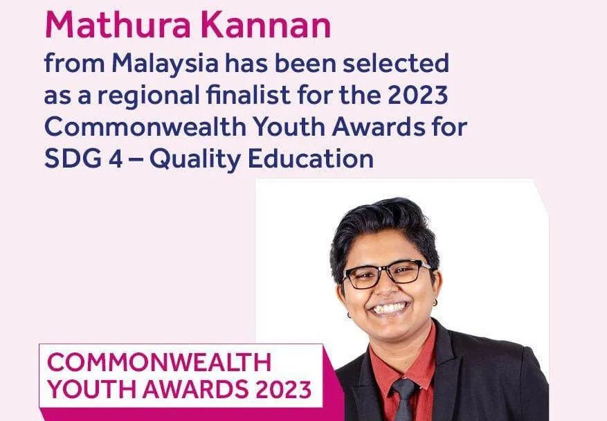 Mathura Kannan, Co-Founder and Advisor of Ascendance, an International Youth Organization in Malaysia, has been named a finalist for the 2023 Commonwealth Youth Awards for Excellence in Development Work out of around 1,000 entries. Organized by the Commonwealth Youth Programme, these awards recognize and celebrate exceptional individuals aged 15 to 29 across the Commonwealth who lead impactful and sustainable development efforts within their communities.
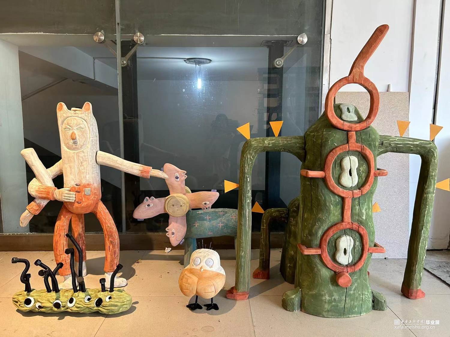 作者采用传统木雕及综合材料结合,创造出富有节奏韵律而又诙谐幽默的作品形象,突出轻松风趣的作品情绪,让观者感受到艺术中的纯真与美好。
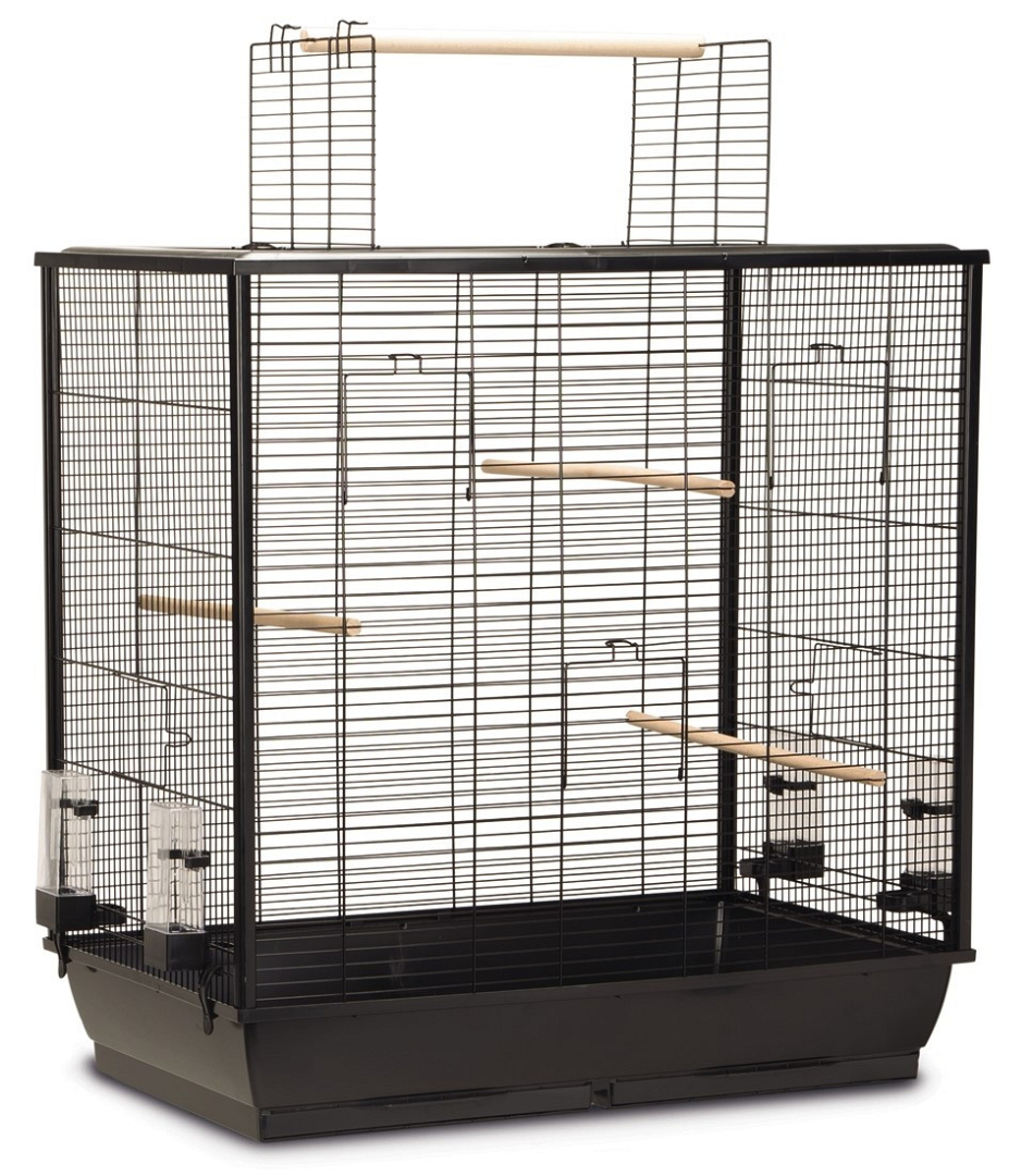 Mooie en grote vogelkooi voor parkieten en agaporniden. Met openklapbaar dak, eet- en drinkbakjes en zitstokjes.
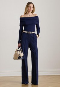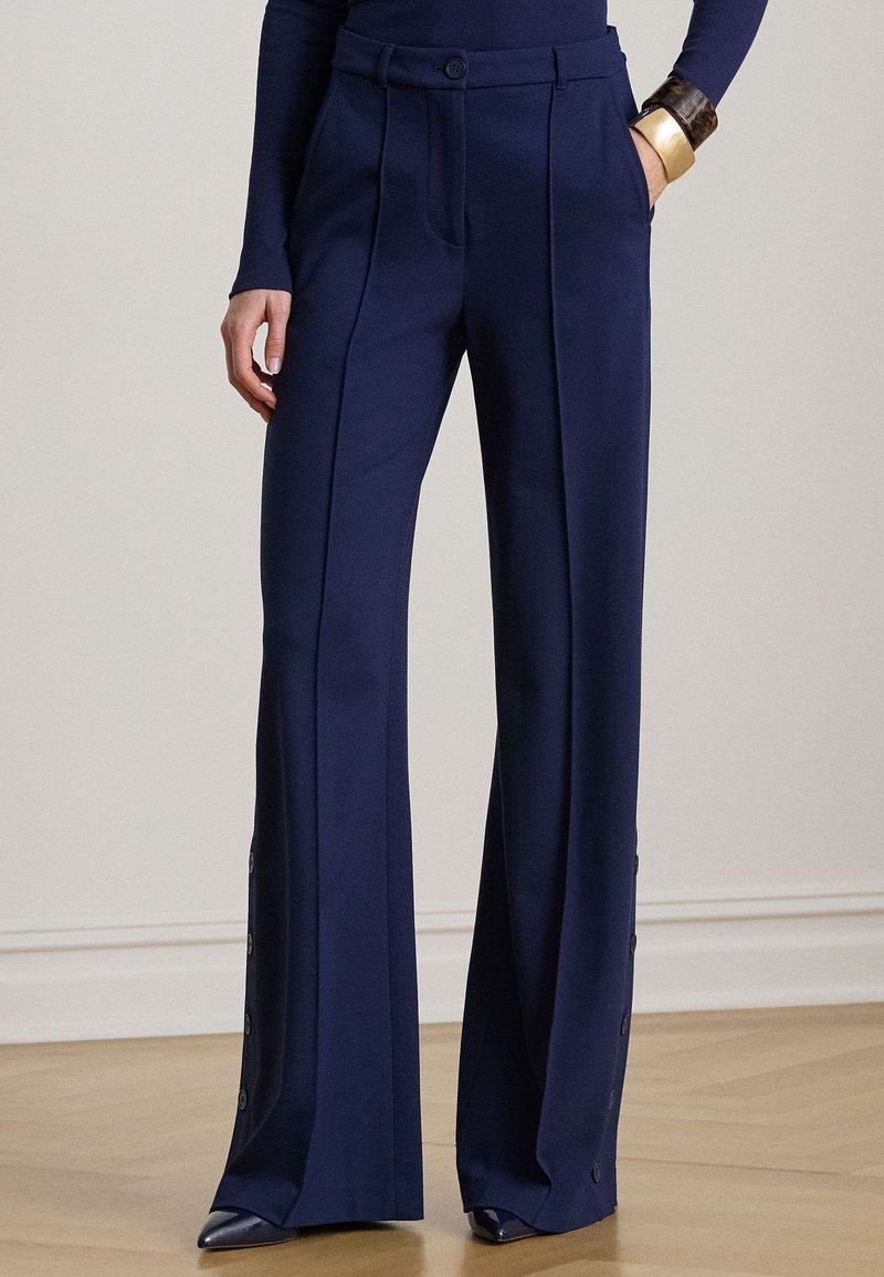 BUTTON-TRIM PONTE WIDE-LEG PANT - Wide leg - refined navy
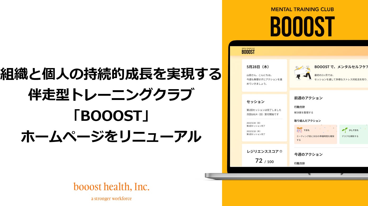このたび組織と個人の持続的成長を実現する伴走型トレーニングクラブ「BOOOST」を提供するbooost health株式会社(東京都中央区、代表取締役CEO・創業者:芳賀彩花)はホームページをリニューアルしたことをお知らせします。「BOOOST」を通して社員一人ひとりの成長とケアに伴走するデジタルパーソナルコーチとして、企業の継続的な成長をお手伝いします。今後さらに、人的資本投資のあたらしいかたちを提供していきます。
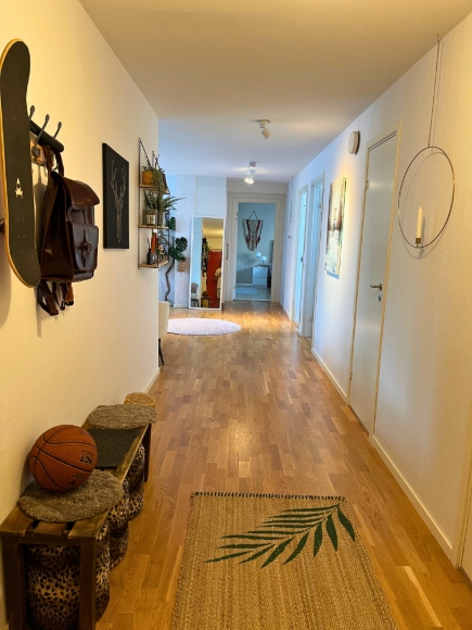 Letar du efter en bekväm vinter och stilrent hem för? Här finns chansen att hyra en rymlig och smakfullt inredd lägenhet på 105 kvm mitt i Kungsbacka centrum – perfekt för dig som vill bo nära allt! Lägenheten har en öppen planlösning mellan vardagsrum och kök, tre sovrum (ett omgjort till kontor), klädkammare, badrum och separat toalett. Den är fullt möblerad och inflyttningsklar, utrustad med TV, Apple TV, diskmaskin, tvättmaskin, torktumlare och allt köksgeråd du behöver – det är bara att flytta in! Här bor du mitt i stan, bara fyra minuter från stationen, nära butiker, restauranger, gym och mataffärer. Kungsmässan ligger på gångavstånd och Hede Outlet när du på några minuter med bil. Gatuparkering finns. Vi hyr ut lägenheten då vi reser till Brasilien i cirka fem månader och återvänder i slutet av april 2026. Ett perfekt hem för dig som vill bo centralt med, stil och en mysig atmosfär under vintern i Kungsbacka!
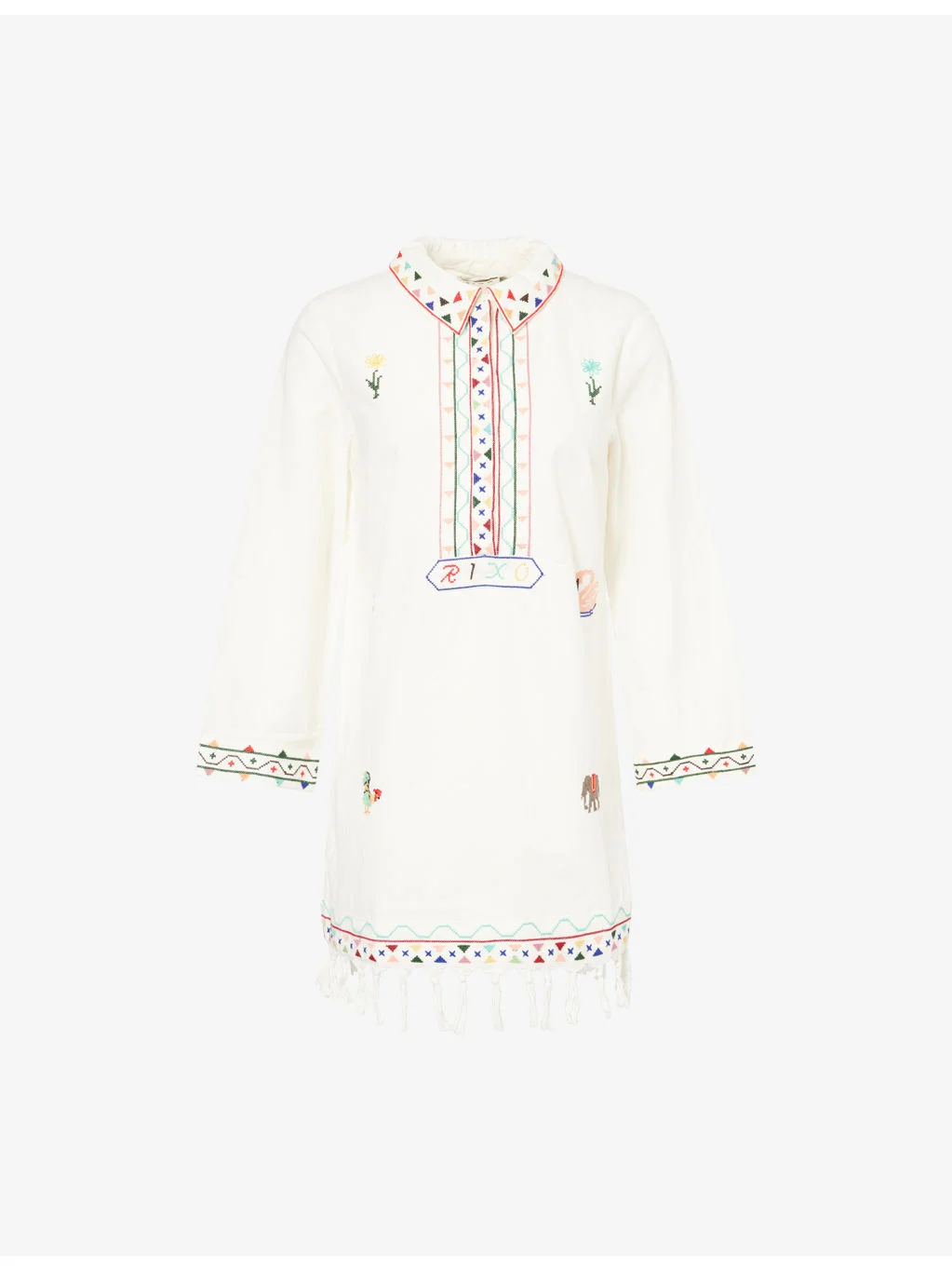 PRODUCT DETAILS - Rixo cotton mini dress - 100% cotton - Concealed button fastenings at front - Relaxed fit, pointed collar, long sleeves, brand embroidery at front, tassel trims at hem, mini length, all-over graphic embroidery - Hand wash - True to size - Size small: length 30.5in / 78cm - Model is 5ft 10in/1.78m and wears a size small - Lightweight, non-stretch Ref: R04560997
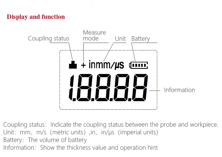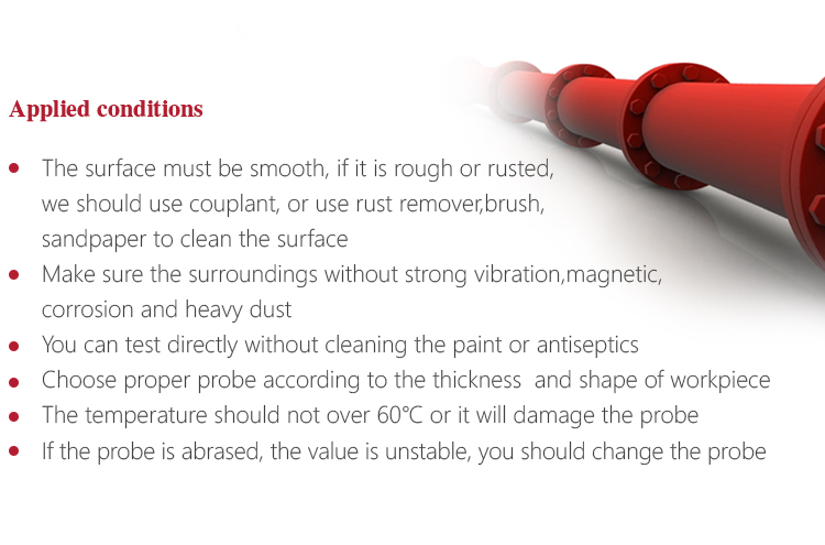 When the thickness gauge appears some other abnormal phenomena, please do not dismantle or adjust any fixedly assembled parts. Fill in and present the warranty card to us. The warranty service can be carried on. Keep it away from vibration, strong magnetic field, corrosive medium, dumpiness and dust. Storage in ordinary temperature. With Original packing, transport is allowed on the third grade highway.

┄┄┄┄┄┄┄┄┄┄

AIM OF THE EXERCISE: Retype exactly, and only, the lines from the one containing "Letar du efter" through the end of the material, leaving aside every picture.

RESPONSE TO THIS TASK:
 Letar du efter en bekväm vinter och stilrent hem för? Här finns chansen att hyra en rymlig och smakfullt inredd lägenhet på 105 kvm mitt i Kungsbacka centrum – perfekt för dig som vill bo nära allt! Lägenheten har en öppen planlösning mellan vardagsrum och kök, tre sovrum (ett omgjort till kontor), klädkammare, badrum och separat toalett. Den är fullt möblerad och inflyttningsklar, utrustad med TV, Apple TV, diskmaskin, tvättmaskin, torktumlare och allt köksgeråd du behöver – det är bara att flytta in! Här bor du mitt i stan, bara fyra minuter från stationen, nära butiker, restauranger, gym och mataffärer. Kungsmässan ligger på gångavstånd och Hede Outlet när du på några minuter med bil. Gatuparkering finns. Vi hyr ut lägenheten då vi reser till Brasilien i cirka fem månader och återvänder i slutet av april 2026. Ett perfekt hem för dig som vill bo centralt med, stil och en mysig atmosfär under vintern i Kungsbacka!
 PRODUCT DETAILS - Rixo cotton mini dress - 100% cotton - Concealed button fastenings at front - Relaxed fit, pointed collar, long sleeves, brand embroidery at front, tassel trims at hem, mini length, all-over graphic embroidery - Hand wash - True to size - Size small: length 30.5in / 78cm - Model is 5ft 10in/1.78m and wears a size small - Lightweight, non-stretch Ref: R04560997
 When the thickness gauge appears some other abnormal phenomena, please do not dismantle or adjust any fixedly assembled parts. Fill in and present the warranty card to us. The warranty service can be carried on. Keep it away from vibration, strong magnetic field, corrosive medium, dumpiness and dust. Storage in ordinary temperature. With Original packing, transport is allowed on the third grade highway.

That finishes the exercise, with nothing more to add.